Надя испуганно оглянулась на мужчин и, поведя плечами, высвободилась из рук Юлии.

– Я прямо с завода. Даже не умылась.

– Ну, конечно! К друзьям и в рабочем комбинезоне можно явиться! – съязвила Юлия. – Ладно уж, пойдемте на нашу половину. Мы там кое-что сообразили. Дмитрий Степанович, пожалуйте к нам в гости!

Юрка с расторопностью старого холостяка накрыл на стол и, пока Надя вела переговоры по телефону с дедом Матвеем, принес из кухни с помощью сестры термос, бутылку вина, закуски и прямо на сковороде разогретое жаркое.

После ужина Юлия сняла со стены гитару, взяв несколько аккордов, запела грубоватым, но приятным голосом:

 
Я встретил вас – и все былое
В отжившем сердце ожило,
Я вспомнил время золотое —
И сердцу стало так тепло.
 

Она пела с чувством, казалось, не без умысла выбрав этот романс, словно знала о недавней встрече Нади с Ахмадшой и теперь дразнила ее.

Но лицо девушки было на редкость серьезно, даже скорбно, полузакрытые глаза блестели под бахромой наклеенных ресниц далеким зеленоватым светом. Похоже, совсем забыв о тех, кто был в комнате, она пропела последние слова романса, всеми пальцами рванула струны и, деланно засмеявшись, встала.

– Вот так-то, деточки!

– Как у тебя дела? – спросила Надя, когда мужчины вышли на площадку покурить, уселась в низком, в стиле модерн, мягком кресле, неизвестно откуда добытом Юрой, вытянула ноги и в каком-то изнеможении закрыла глаза.

– А тебя мои дела очень интересуют? – иронически ответила Юлия, окинув взглядом полулежавшую в кресле подружку детства.

Хороша, что и говорить! Блестящие золотые стружки кудрей без начеса пышным ворохом лежали над прекрасным лбом. Тонкое лицо и юная гладкая шея над воротником свитера отсвечивали нежной белизной. Сама Юлия старалась «взять оригинальностью». «Мужчину нужно ошеломить, заставить думать о себе, а потом из него хоть веревки вей», – уверяла она своих приятельниц.
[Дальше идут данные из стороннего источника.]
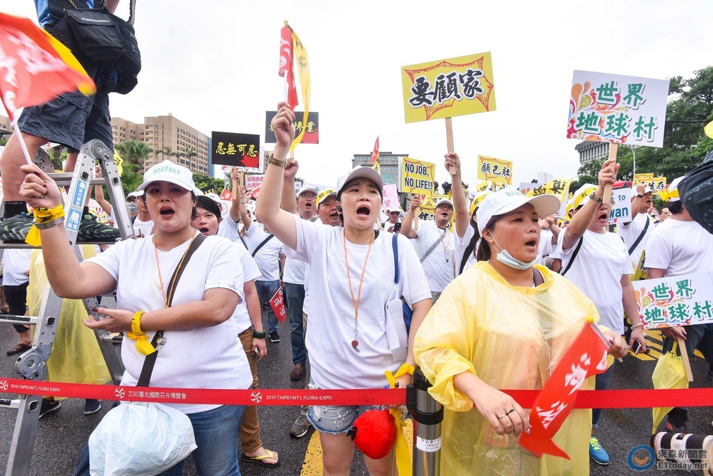 ▲百萬觀光產業於12日上街大遊行。(圖/記者李毓康攝,下同)
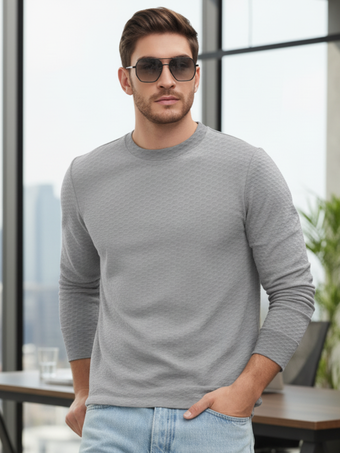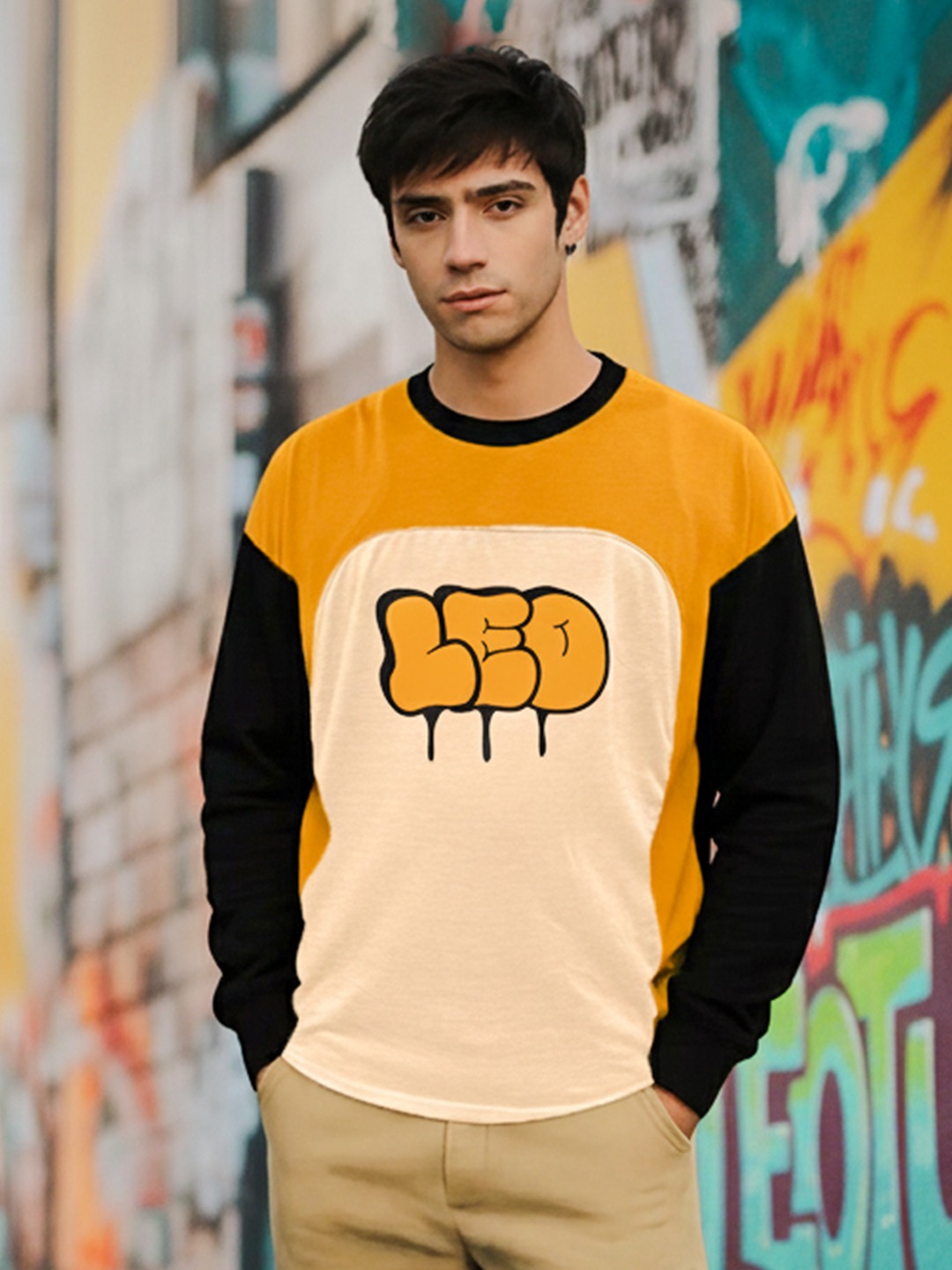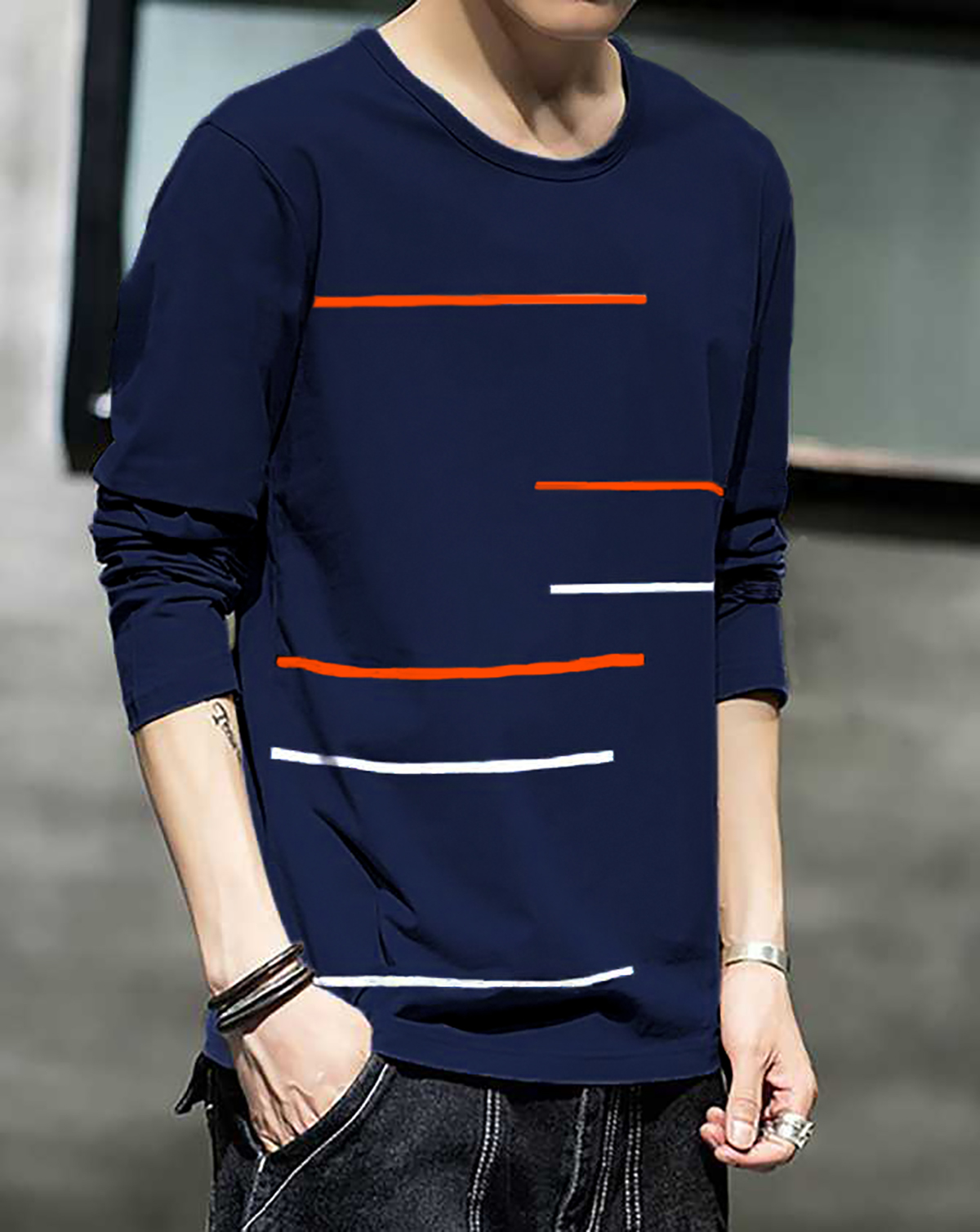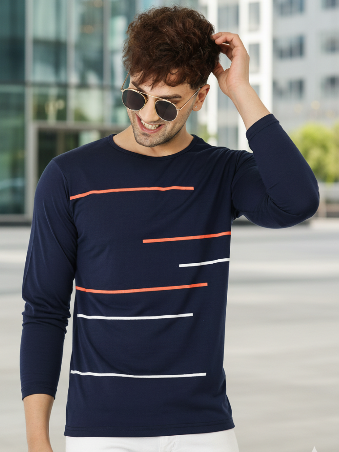 Men Printed Full Sleeve Round Neck T-Shirt

– Дела в ажуре: все нормально! – удостоила она наконец ответом вопрос Нади. – В стройтресте мною дорожат, да, да, очень считаются. Конечно, история с компанией Валерки бросила какую-то тень, но в общем ерунда. Фельетонист, безуспешно крутившийся возле меня в этой компании, по злобе поместил в свою статейку мою фамилию. А ведь не произошло ничего особенного.

Надя удивленно открыла глаза, угольно-черные под тенью ресниц.

– А эта девушка, Бабетта?

– Ну погибла… И очень глупо! Я к ее смерти никакого отношения не имею: Валерий с ней уже расстался, когда мы познакомились. А мне с ним было весело! Только и всего! Почему я должна обкрадывать себя, отказываясь от развлечений?

– Не знаю, какое может быть веселье среди грязи! Мне Валерка представляется законченным подлецом. Вокруг него бесшабашный разгул…

– Однако такой разгул нравится молодежи! Девчонки со школьной скамьи бросаются в него, – ноздри Юлии раздулись, взгляд стал недобрым. – Твой Ахмадша тоже бывал в этой компании. Как же? – оживленно продолжала она, заметив нервное движение Нади. – Ездил с ребятами и девочками на волжское взморье. Купались, загорали, танцевали, и он успел-таки спутаться с Бабеттой, которую Валерка после того прогнал. Тут и загорелся сыр-бор.

– Неправда… – тихо, но твердо сказала Надя. – Это клевета! Если Ахмадшу не привлекла даже Энже Усманова, то мог ли он потянуться к распущенной девчонке?!

Юлия презрительно усмехнулась.

– Хорошенькая клевета! Когда Бабетту вытащили из-под поезда, то в кармане у нее нашли письмо к Низамову.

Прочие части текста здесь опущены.